» Problem to work on
Restate the data exactly as given and keep the pictures out.

*** The data Section Begins ***

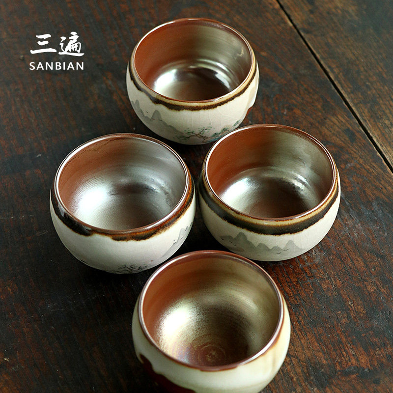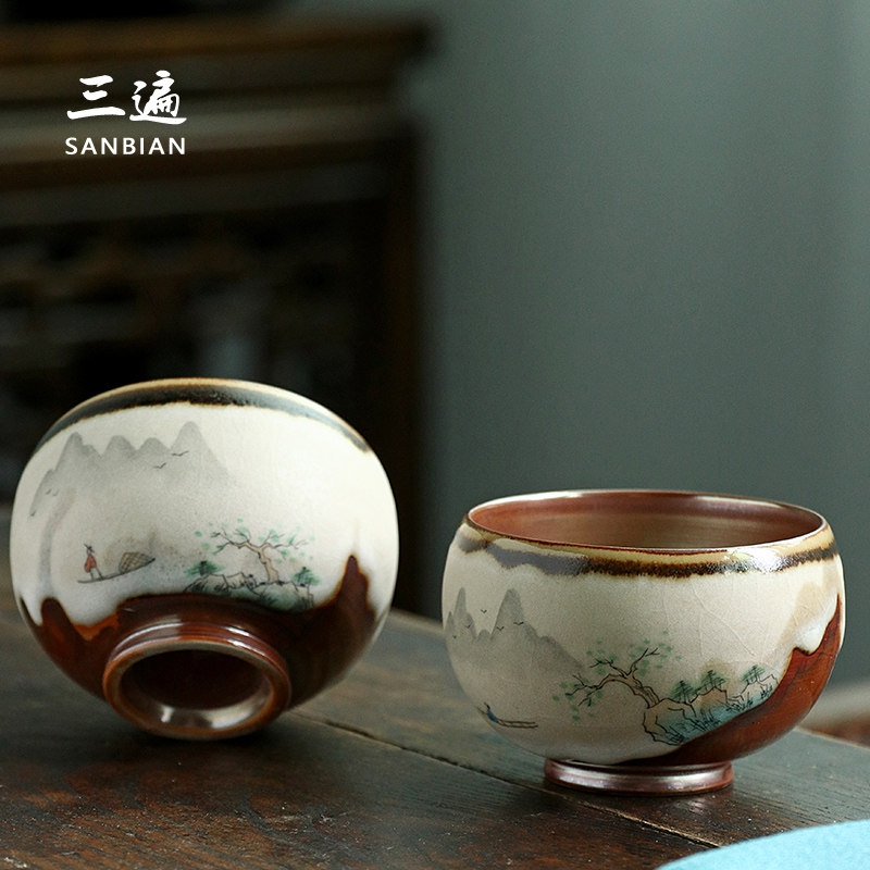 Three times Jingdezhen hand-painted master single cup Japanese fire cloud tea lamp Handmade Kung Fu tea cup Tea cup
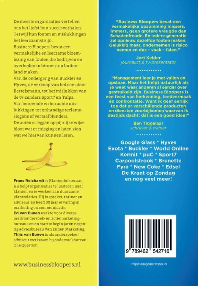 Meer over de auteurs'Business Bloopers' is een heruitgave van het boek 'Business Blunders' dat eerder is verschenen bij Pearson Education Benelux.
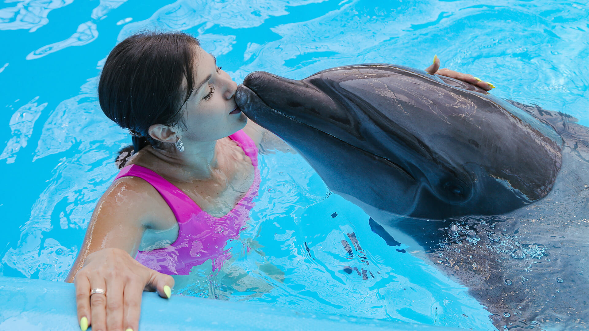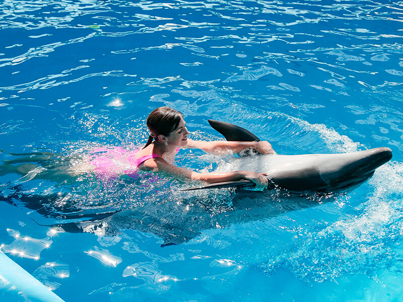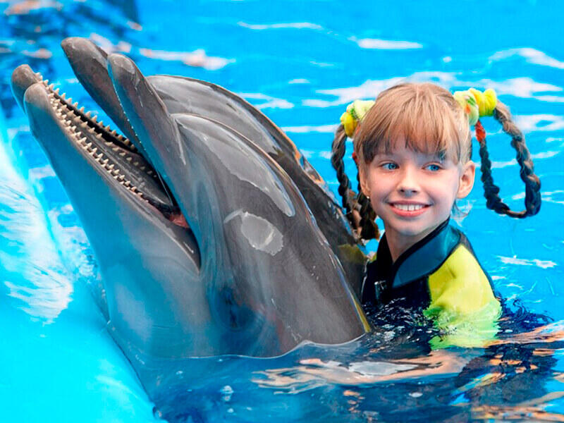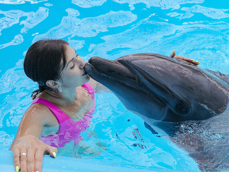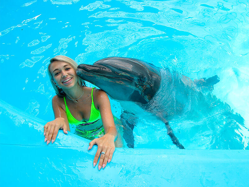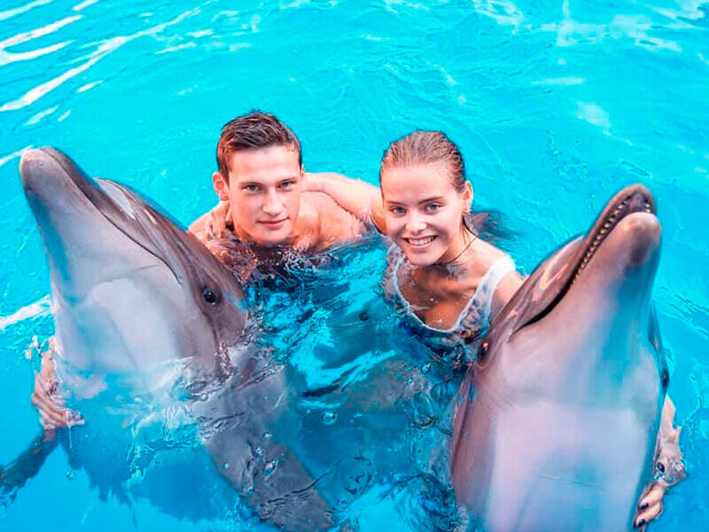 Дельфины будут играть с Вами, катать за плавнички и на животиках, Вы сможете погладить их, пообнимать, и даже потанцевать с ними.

*** The data Section Ends ***

» Answer to the exercise
 Three times Jingdezhen hand-painted master single cup Japanese fire cloud tea lamp Handmade Kung Fu tea cup Tea cup
 Meer over de auteurs'Business Bloopers' is een heruitgave van het boek 'Business Blunders' dat eerder is verschenen bij Pearson Education Benelux.
 Дельфины будут играть с Вами, катать за плавнички и на животиках, Вы сможете погладить их, пообнимать, и даже потанцевать с ними.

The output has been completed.